"""
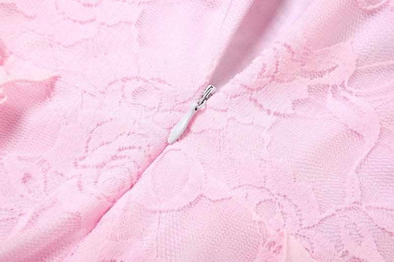 Lace contrast bowknot zip-up ruffle backless tube maxi dress-final-sale
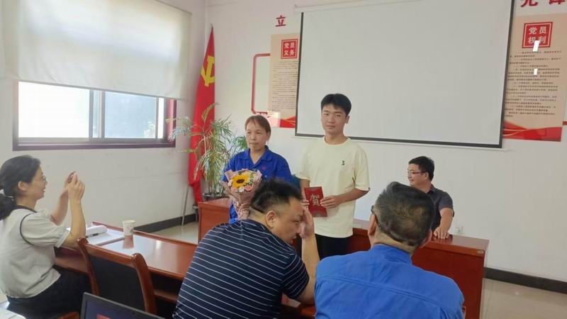 2024年8月23日,薪旺实业2024年职工子女升 学奖励活动于公司会议室隆重举行。实业公司常务副总经理兼工会主席赵永强、副总经理兼工会副主席贾景献莅临现场,炭素公司总经理胡伟子、包装公司总经理徐信伟以及职工与其子女共同参与了此次奖励活动。
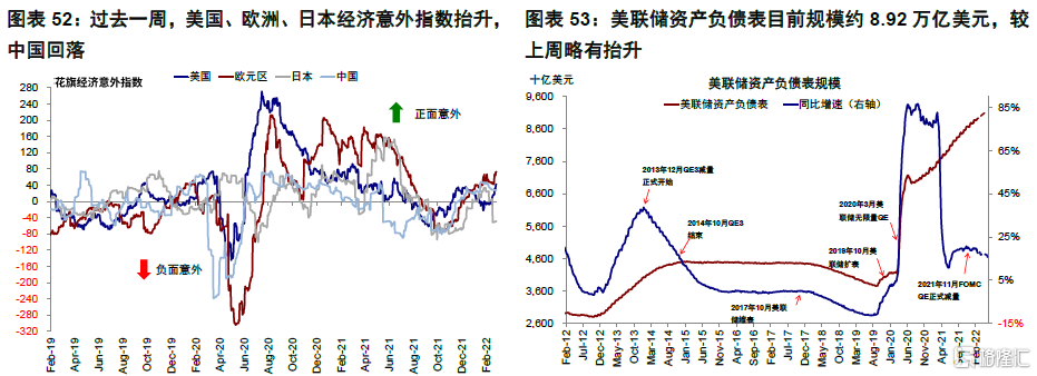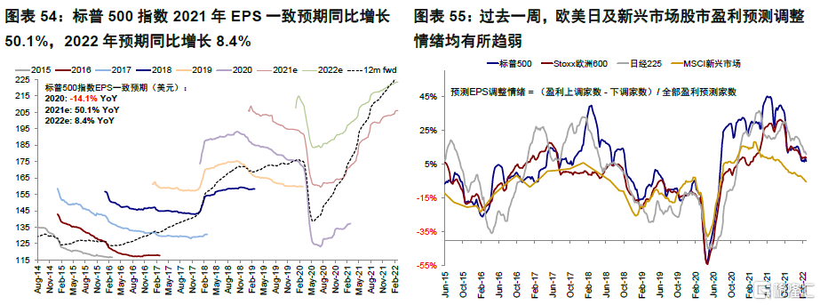 过去一周,美国、欧洲、日本经济意外指数抬升,中国回落。美联储资产负债表目前规模约8.92万亿美元,较上周略有抬升。标普500指数2021年EPS一致预期同比增长50.1%,2022年预期同比增长8.4%。
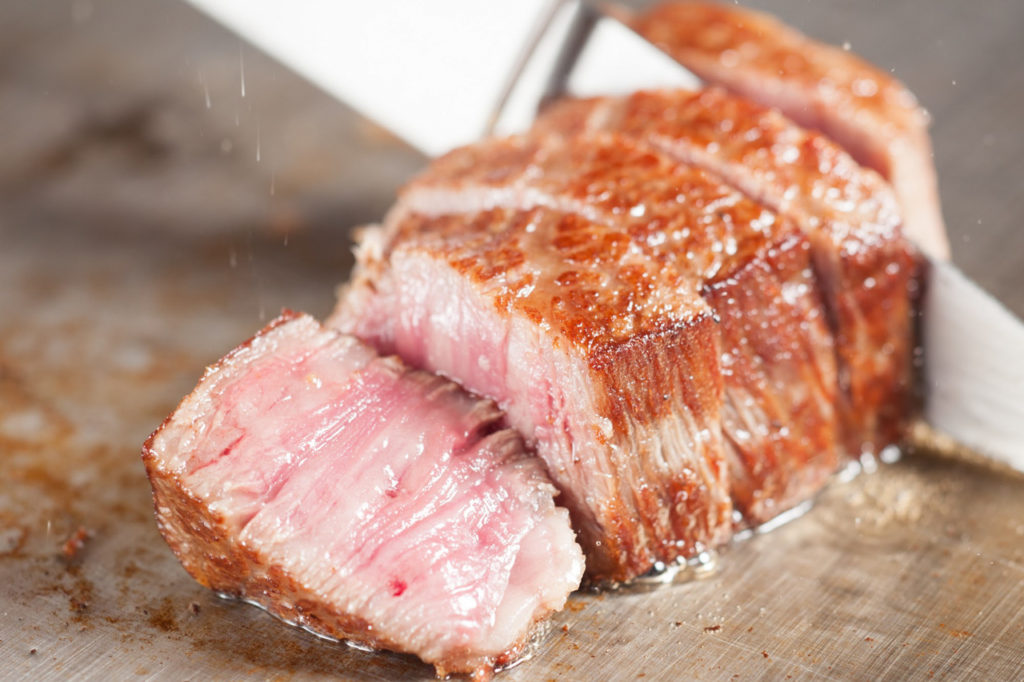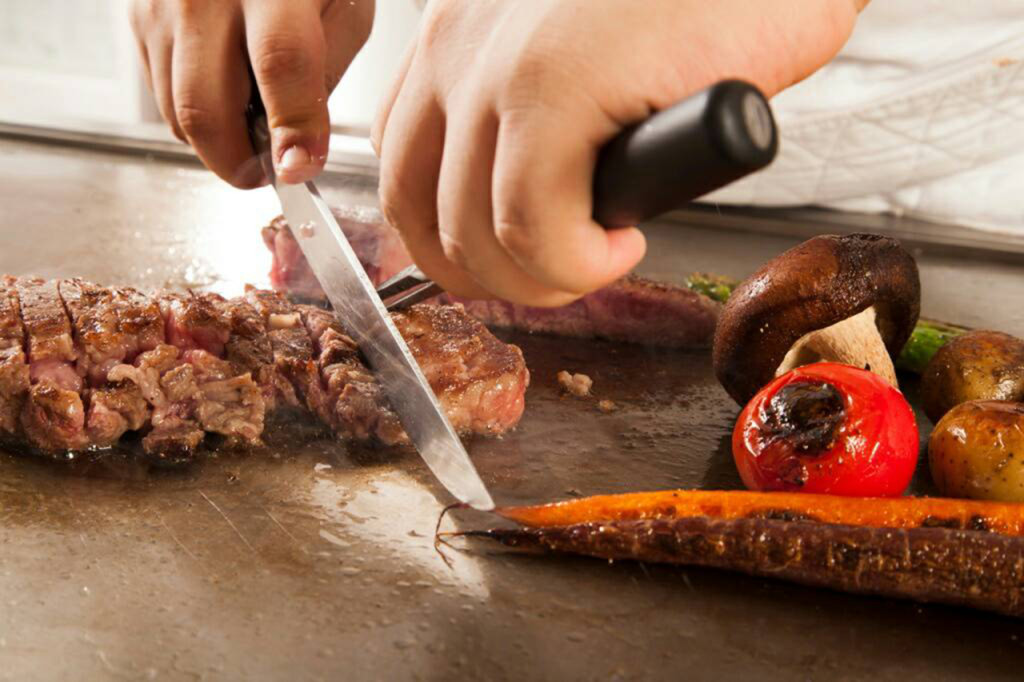 料理の道25年の橘シェフが豪快なヘラ捌きで焼き上げるステーキは、表面をカリっと焼き付けるのが大きなポイント。
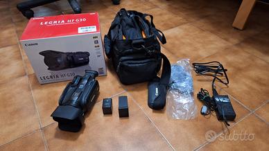 Videocamera Canon Legria HF G30 WiFi, completo di scatola, borsa da trasporto, telecomando, microfono con pelliccia, caricabatteria, batteria aggiuntiva, microfono direzionale stereo DM-100
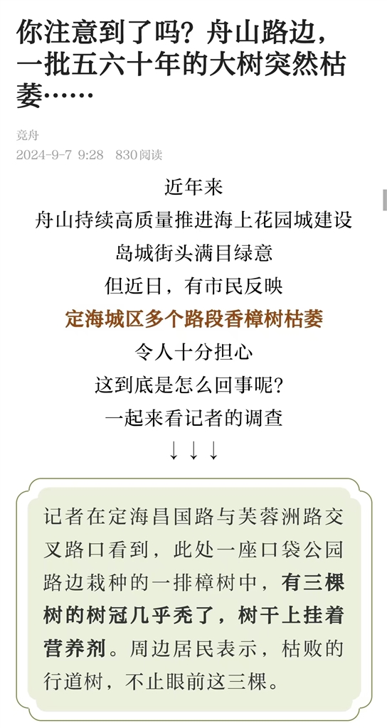 近日,有市民反映,定海城区出现了多处香樟树枯萎的现象,令人十分担心。据定海区市政园林管理中心统计,目前定海城区有20余棵树出现了枯死现象,分布在昌国路、东河路、文化路等地,均已采取了应急措施(9月7日《舟山日报》报道)。
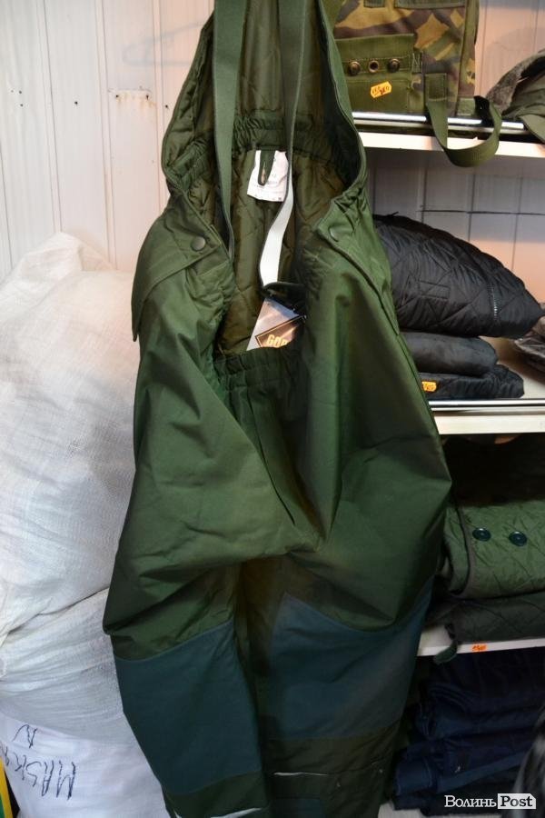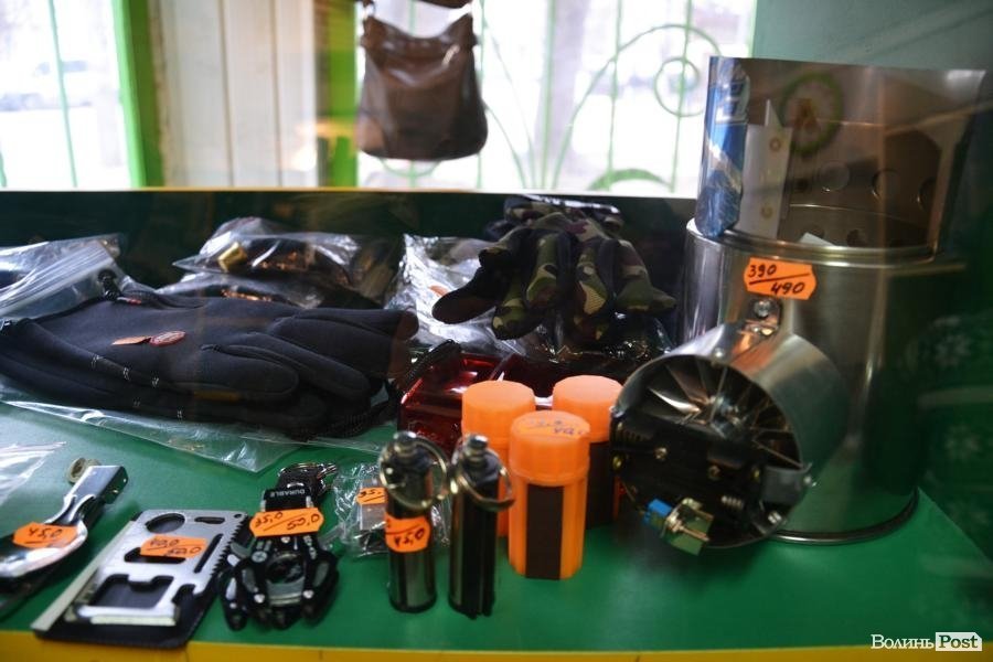 Тут продають парки, берці, комбінезони, бушлати, термобілизну, спальники, тактичні ножі, батарейки, наколінники, ножі - усе, що може стати при нагоді на передовій.
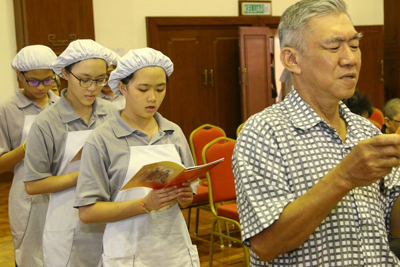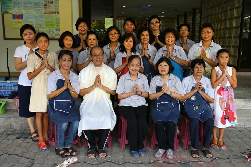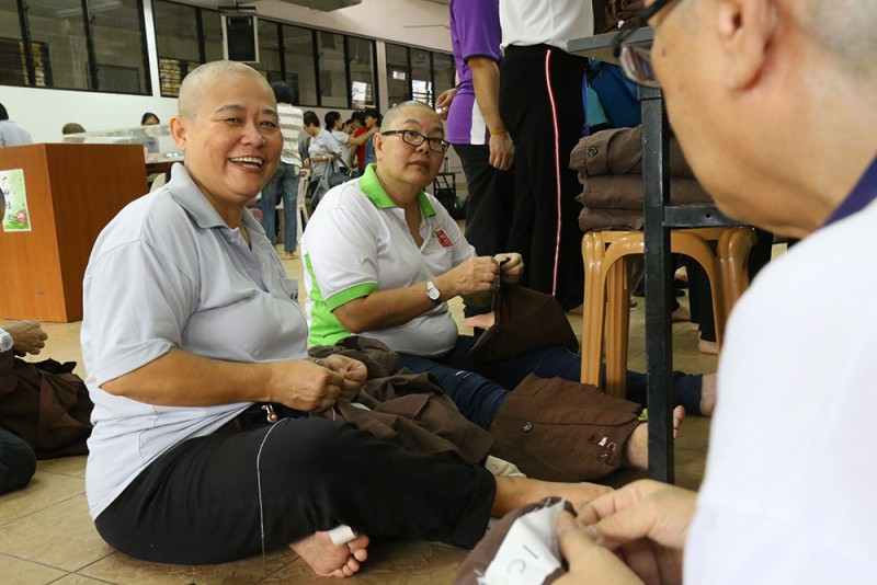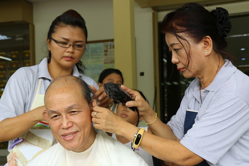 在20年前成为檀香寺义工后,他就萌起念头报名参加年尾檀香寺主办的精进佛七,可是万般俗缘缠身,放下不易。然而去年2016年终于坐言起行,暂且放下俗务,毅然报了名。今年2017年旧地重返,第二次落发,一家人也来“助阵“,献上精神鼓励来成就他。
"""
> _DIRECTIONS FOR THIS TASK_
Exact repetition is the task: every line from the start of the data to the line with "Videocamera Canon Legria", inclusive, and none after it, pictures omitted.

> _EXERCISE SOLUTION_
 Lace contrast bowknot zip-up ruffle backless tube maxi dress-final-sale
 2024年8月23日,薪旺实业2024年职工子女升 学奖励活动于公司会议室隆重举行。实业公司常务副总经理兼工会主席赵永强、副总经理兼工会副主席贾景献莅临现场,炭素公司总经理胡伟子、包装公司总经理徐信伟以及职工与其子女共同参与了此次奖励活动。
 过去一周,美国、欧洲、日本经济意外指数抬升,中国回落。美联储资产负债表目前规模约8.92万亿美元,较上周略有抬升。标普500指数2021年EPS一致预期同比增长50.1%,2022年预期同比增长8.4%。
 料理の道25年の橘シェフが豪快なヘラ捌きで焼き上げるステーキは、表面をカリっと焼き付けるのが大きなポイント。
 Videocamera Canon Legria HF G30 WiFi, completo di scatola, borsa da trasporto, telecomando, microfono con pelliccia, caricabatteria, batteria aggiuntiva, microfono direzionale stereo DM-100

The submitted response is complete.